Work to complete: Starting at the line holding "このように「エラー[MKCZ" and finishing at the line holding "Classic brick ranch", transcribe the material exactly, keeping both ends but no pictures.

Provided information:

-.-.-

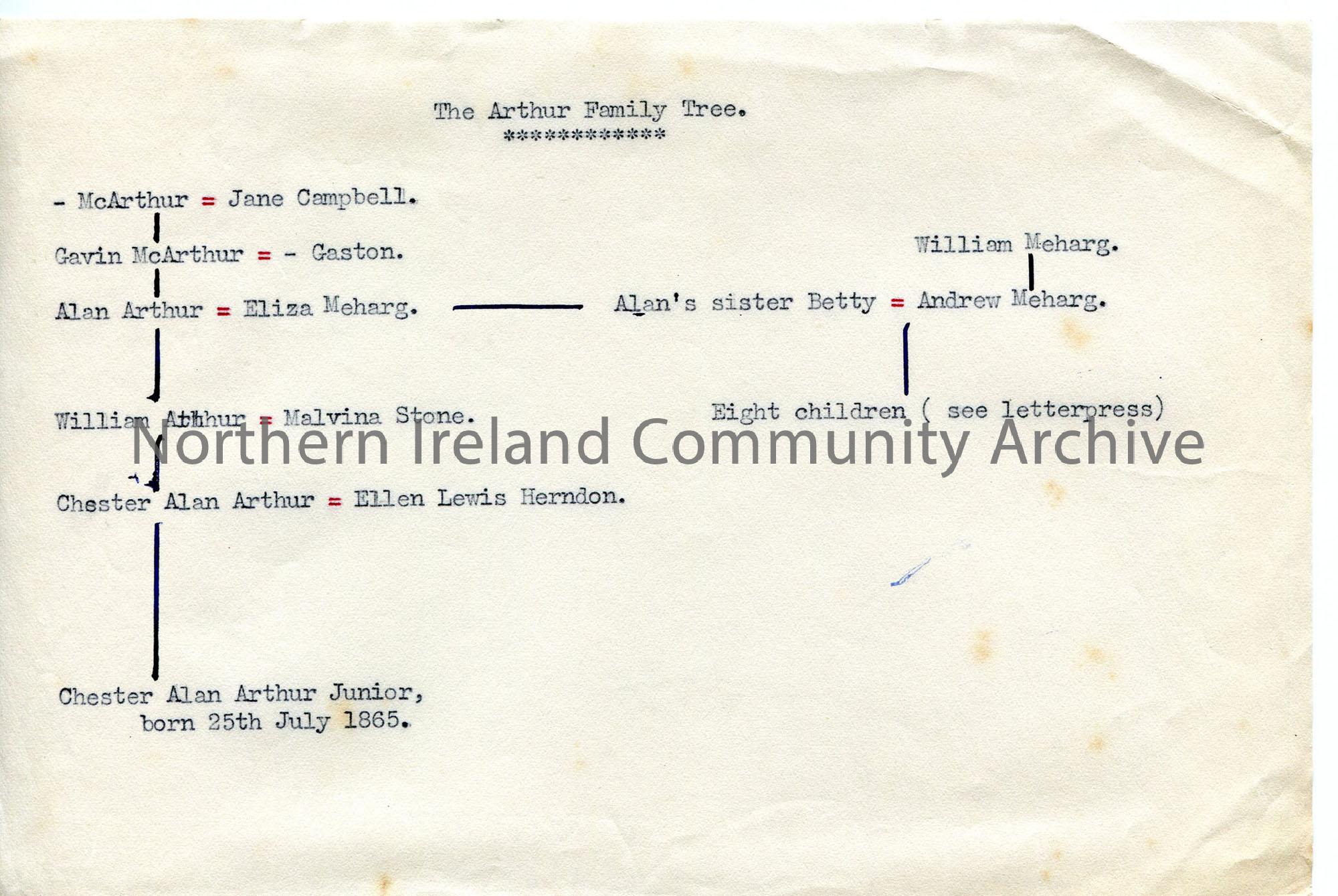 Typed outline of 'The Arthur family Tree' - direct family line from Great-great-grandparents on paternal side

-.-.-

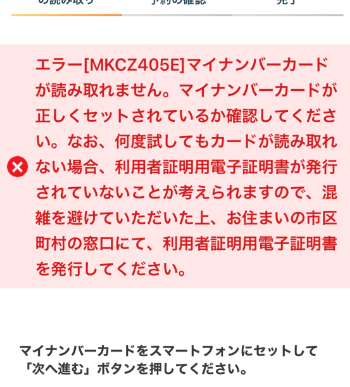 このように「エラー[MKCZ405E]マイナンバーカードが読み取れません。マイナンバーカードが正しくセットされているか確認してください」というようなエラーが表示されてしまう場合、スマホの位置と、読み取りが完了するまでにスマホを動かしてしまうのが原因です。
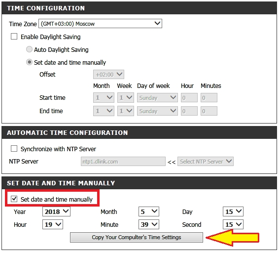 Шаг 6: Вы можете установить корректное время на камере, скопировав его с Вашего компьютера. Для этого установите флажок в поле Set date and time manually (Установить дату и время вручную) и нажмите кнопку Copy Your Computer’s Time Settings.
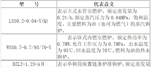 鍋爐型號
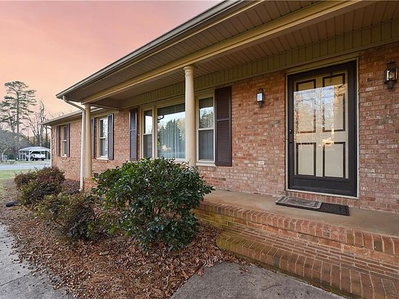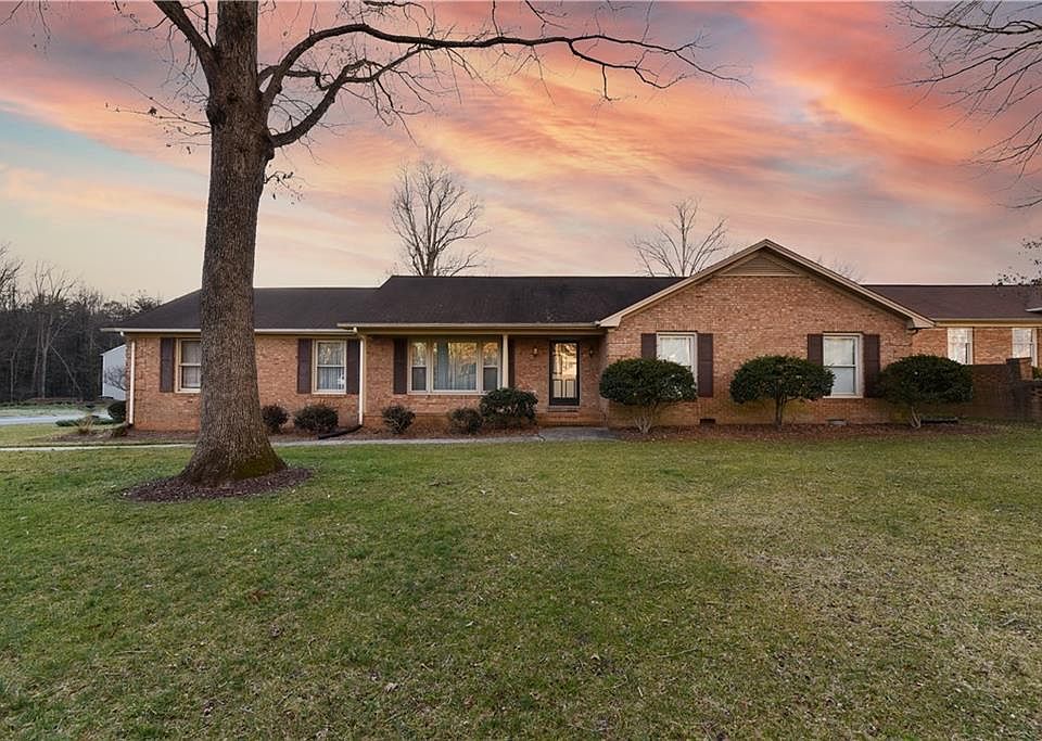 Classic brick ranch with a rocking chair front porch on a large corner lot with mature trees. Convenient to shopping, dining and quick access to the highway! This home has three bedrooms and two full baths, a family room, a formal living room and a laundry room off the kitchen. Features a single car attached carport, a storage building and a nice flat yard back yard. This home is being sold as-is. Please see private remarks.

-.-.-

Reply:
 このように「エラー[MKCZ405E]マイナンバーカードが読み取れません。マイナンバーカードが正しくセットされているか確認してください」というようなエラーが表示されてしまう場合、スマホの位置と、読み取りが完了するまでにスマホを動かしてしまうのが原因です。
 Шаг 6: Вы можете установить корректное время на камере, скопировав его с Вашего компьютера. Для этого установите флажок в поле Set date and time manually (Установить дату и время вручную) и нажмите кнопку Copy Your Computer’s Time Settings.
 鍋爐型號
 Classic brick ranch with a rocking chair front porch on a large corner lot with mature trees. Convenient to shopping, dining and quick access to the highway! This home has three bedrooms and two full baths, a family room, a formal living room and a laundry room off the kitchen. Features a single car attached carport, a storage building and a nice flat yard back yard. This home is being sold as-is. Please see private remarks.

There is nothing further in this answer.